Recently, I have some trouble with One-way ANOVA. Before I raise my doubts, I think it is necessary to make some notation.
Suppose that the form of One-way analysis of variance is as follows: \begin{cases} y_{ij}&=\mu_j+\epsilon_{ij}\quad i\in\{1,2,\cdots,n_j\},\ j\in\{1,2,\cdots,g\}\\ \epsilon_{ij}&\sim N(0,\sigma^2)\qquad\rm i.i.d \end{cases}
$y_{ij}$:observations
$\mu_j$: the mean of the observations for the jth treatment group
$i$: the index over experimental units(Fix the group $j$, $i$ ranges from 1 to $n_j$)
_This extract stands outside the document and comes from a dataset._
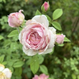 1枚目 ニューイマジン 先月末お迎えした開花苗 奥にいるのは一緒に迎えたパニエ どちらも合わせるの難しそう〜と思ってましたが この二人の組み合わせが意外に合う どちらも和の雰囲気だからかな 2枚目 スピリット オブ フリーダム こちらも昨冬迎えたばかり 何枚花びらがあるんだろう…まだまだ出てきそう 3枚目 群舞 こちらも同じく昨冬迎えたばかり 花がちっちゃい… 小輪ではなく極小輪 植え場所間違えたかな 4枚目 バイカウツギ ベルエトワール 甘くて爽やかな良い香りです 控えめな紅色のブロッチが可愛い 今日は初めましてのお花がが色々咲いていて 仕事の疲れも吹き飛びました✨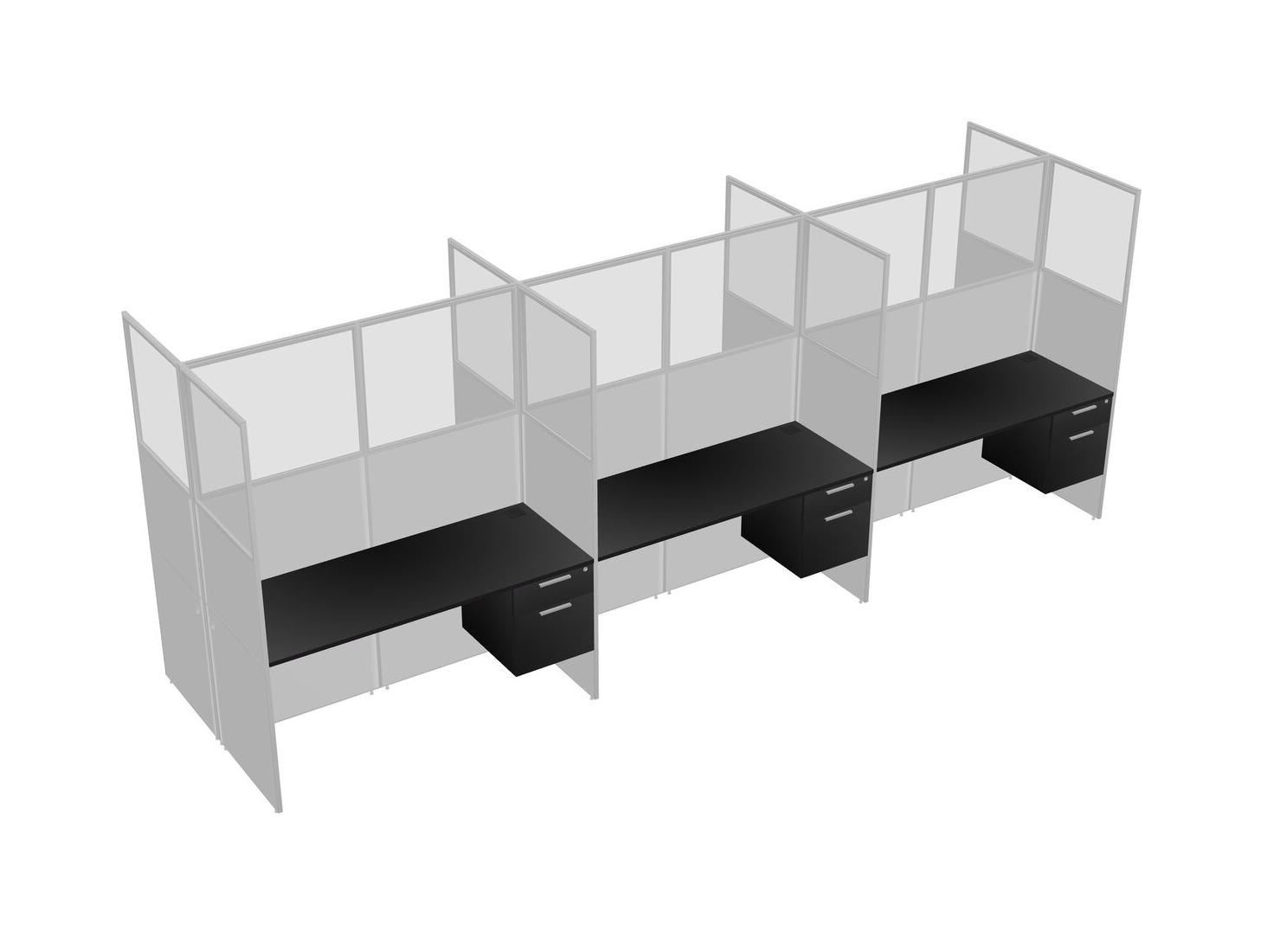 Black Shared Rectangular Office Cubicle Panel System With Hanging Drawers For 6 Persons

$j$: the index over treatment groups(from $1$ to $g$)
If we regard the above model as a regression model, we can use dummy variables to construct the explanatory variables, and just like this: \begin{cases} \vec{y}=X\vec{\mu}+\vec{\epsilon}\\ \vec{\epsilon}\sim N(\vec{0},\sigma^2I_n) \end{cases}
$\vec{y}=\begin{pmatrix} \vec{y_1}\\ \vec{y_2}\\ \vdots\\ \vec{y_g} \end{pmatrix}$,$\quad$ $X=\begin{pmatrix} 1_{n_1}& &\\ &1_{n_2}& &\\ & & \ddots&\\ & & & 1_{n_g} \end{pmatrix}$,$\quad$$\vec{\mu}=\begin{pmatrix} \mu_1\\ \mu_2\\ \vdots\\ \mu_g\\ \end{pmatrix}$.
$1_{n_j}$: a $n_j$-dimensional column vector of all 1s.
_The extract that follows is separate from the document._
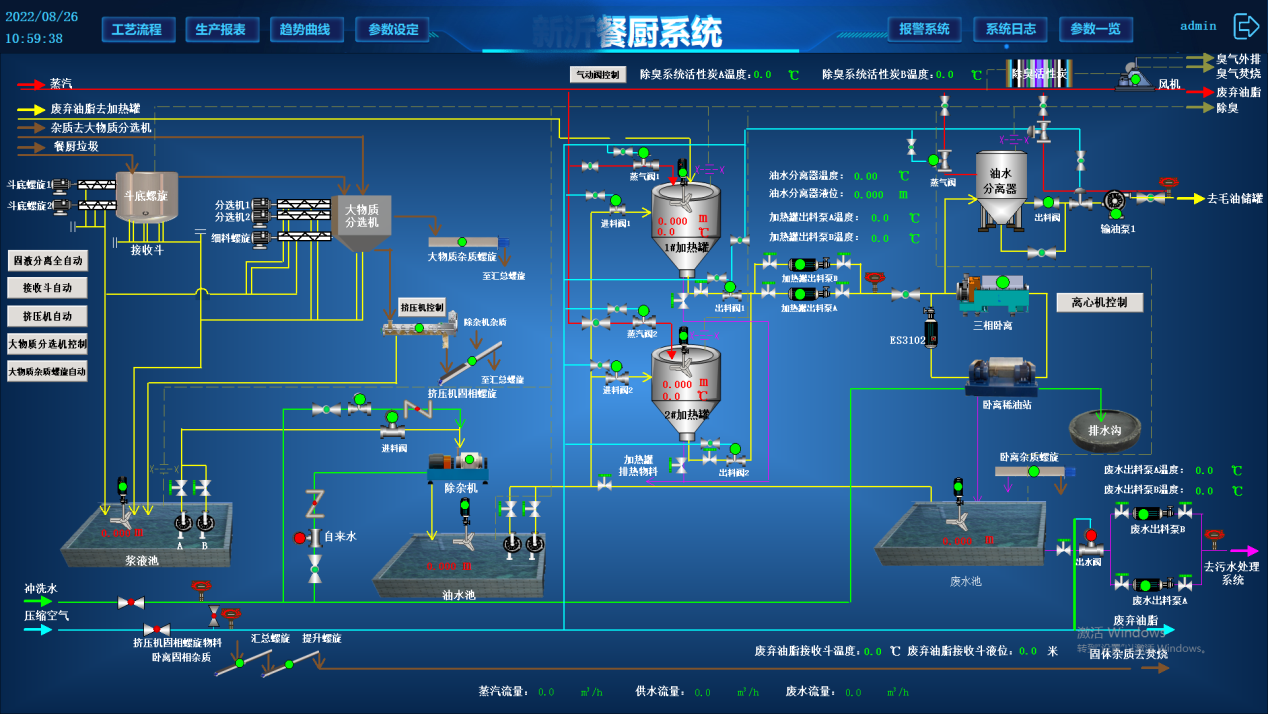 實現全廠運行數據實時采集并匯總:對各車間子系統、除臭控制系統、污水處理控制系統、沼氣凈化控制系統、柴油發電機控制系統、鍋爐房控制系統、儀表監測系統、等子系統數據進行實時采集,并將數據進行匯總;

The OLS estimation of explanatory variables in this form is very simple because the design matrix X is a diagonal matrix. By using the results of $\hat{\mu}=(X^{T}X)^{-1}X^{T}\vec{y}=(\frac{1}{n_1}1_{n_1}^T\vec{y_{n_1}},\frac{1}{n_2}1_{n_2}^T\vec{y_{n_2}},\cdots,\frac{1}{n_g}1_{n_g}^T\vec{y_{n_g}})^T=(\overline{y}_{n_1},\overline{y}_{n_2},\cdots,\overline{y}_{n_g})^T$.
Since the one-way variance model can also be written in the form of an effects model, it can be considered as a regression model with an intercept term. But my question is how can I estimate the parameters of this model, especially it is too hard for me to derive the inverse of $(X^{T}X)^{-1}$, I hope someone can help me out.
Here is my thought:
The form of effects model is just like this:
\begin{cases} y_{ij}&=\mu+\alpha_j+\epsilon_{ij}\quad i\in\{1,2,\cdots,n_j\},\ j\in\{1,2,\cdots,g\}\\ \epsilon_{ij}&\sim N(0,\sigma^2)\qquad\rm i.i.d \end{cases}
$\mu$: the grand mean of observations
$\alpha_j=\mu_j-\mu$: the jth treatment effect, a deviation from the grand mean
In order to avoid the collinearity problem of the design matrix, $\alpha_j$ s is usually constrained as $\sum_{i=1}^{g}\alpha_i=0$. We can also use the regression model to describe this. Note that $\alpha_j$can be shown as $-\sum_{i=1}^{g-1}\alpha_i$. \begin{cases} \vec{y}=X\vec{\alpha}+\vec{\epsilon}\\ \vec{\epsilon}\sim N(\vec{0},\sigma^2I_n) \end{cases}
$\vec{y}=\begin{pmatrix} \vec{y_1}\\ \vec{y_2}\\ \vdots\\ \vec{y_g} \end{pmatrix}$,$\quad$ $X=\begin{pmatrix} 1_{n_1}&1_{n_1}& &\\ 1_{n_2}&&1_{n_2}& &\\ \vdots& & & \ddots&\\ 1_{n_g}&-1_{n_g}&-1_{n_g} &\cdots & -1_{n_{g-1}} \end{pmatrix}$,$\quad$$\vec{\mu}=\begin{pmatrix} \mu\\ \alpha_1\\ \vdots\\ \alpha_{g-1}\\ \end{pmatrix}$.
In this way, we can also estimate the $\vec{\alpha}$ theoretically, but how to derive the inverse of $(X^TX)^{-1}$?